Splice is an old-school science-gone-too-far chiller. Its director and co-writer is Vincenzo Natali, an American whose first two features oozed wit, invention and a talent for handling modest resources, rather in the mould of early John Carpenter. Natali's ingenious debut, Cube, was about some people who mysteriously find themselves trapped in a cube (and in some cases, actually are cubed – sliced and diced by booby traps). His futuristic spy drama Cypher played tricks with perception and identity in a way not unlike Inception, but with a fraction of the budget and stacks more humour.

Natali comes up trumps in equally no-nonsense fashion in Splice. It's the story of two gene-splicing scientists who create a new lifeform – a human/ animal hybrid that becomes a surrogate child to these earnest young Frankensteins in love. The couple, played by Sarah Polley and Adrien Brody, are named Elsa and Clive – after Elsa Lanchester and Colin Clive, stars of the 1930s Frankenstein films. The duo are first seen presiding over a birth, cooing over the newly delivered issue – which turns out to be an inchoate squirming sack of flesh. It's the latest creation of these two whiz-kid geneticists, whose ultimate aim is to produce new proteins of benefit to humanity – although the sheer arrogant pleasure of playing God seems to be getting the better of them.

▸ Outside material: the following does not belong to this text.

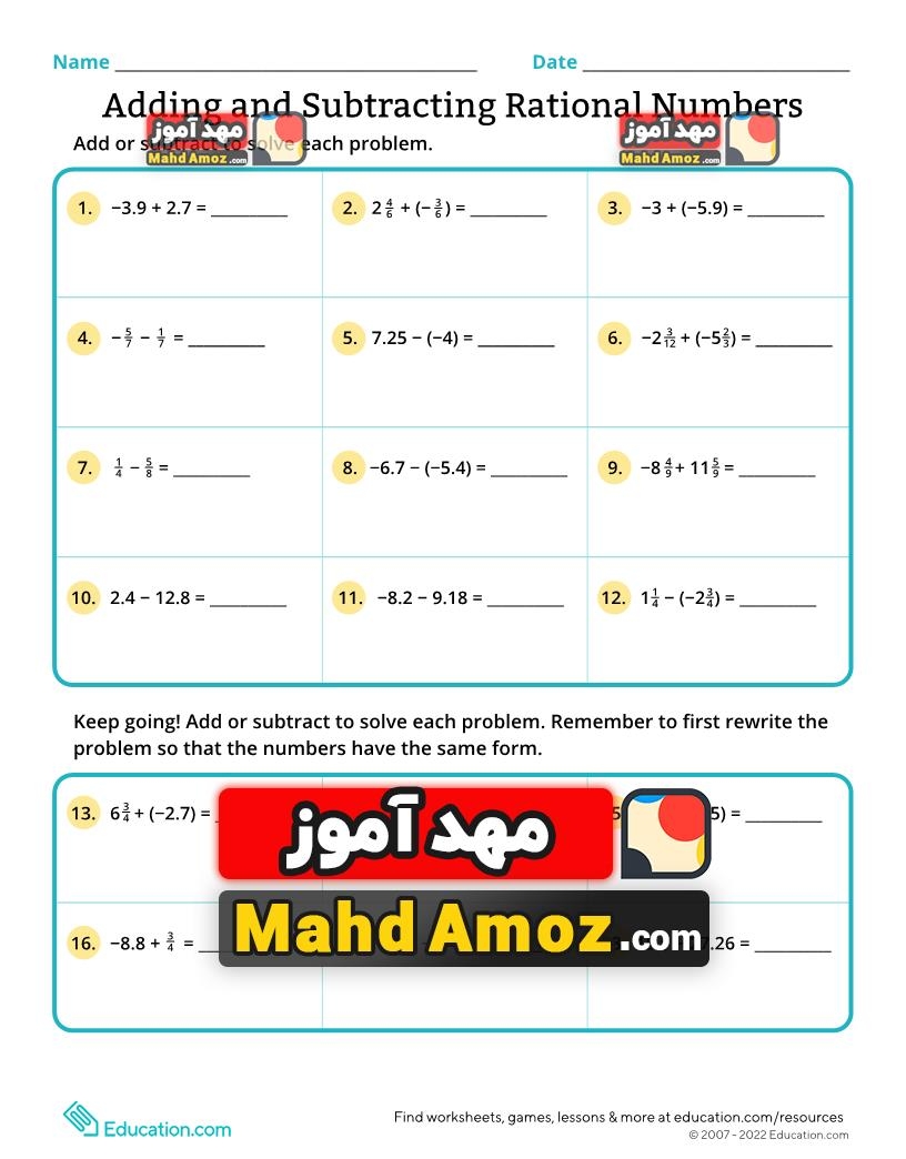 These worksheets typically include a mix of addition and subtraction problems involving fractions, decimals, and mixed numbers. By working through these problems, students can improve their understanding of how to add and subtract rational numbers effectively.

Elsa, the tougher and more driven of the duo, wants to go further and incorporate human DNA into their creations. The result is something to reckon with – another fleshy blob that emerges from ominously spectacular birth throes to pass through a bizarre series of mutations. It starts off as a flailing fish thing; comes to resemble an oven-ready chicken as painted by Francis Bacon; then very rapidly grows into something recognisable as a girl child, albeit with ostrich legs, pictured below. Resisting sentiment at first, Elsa then embraces it as a daughter and christens it "Dren" – reversing the cute initials of her and Clive's company, Nucleic Exchange Research & Development.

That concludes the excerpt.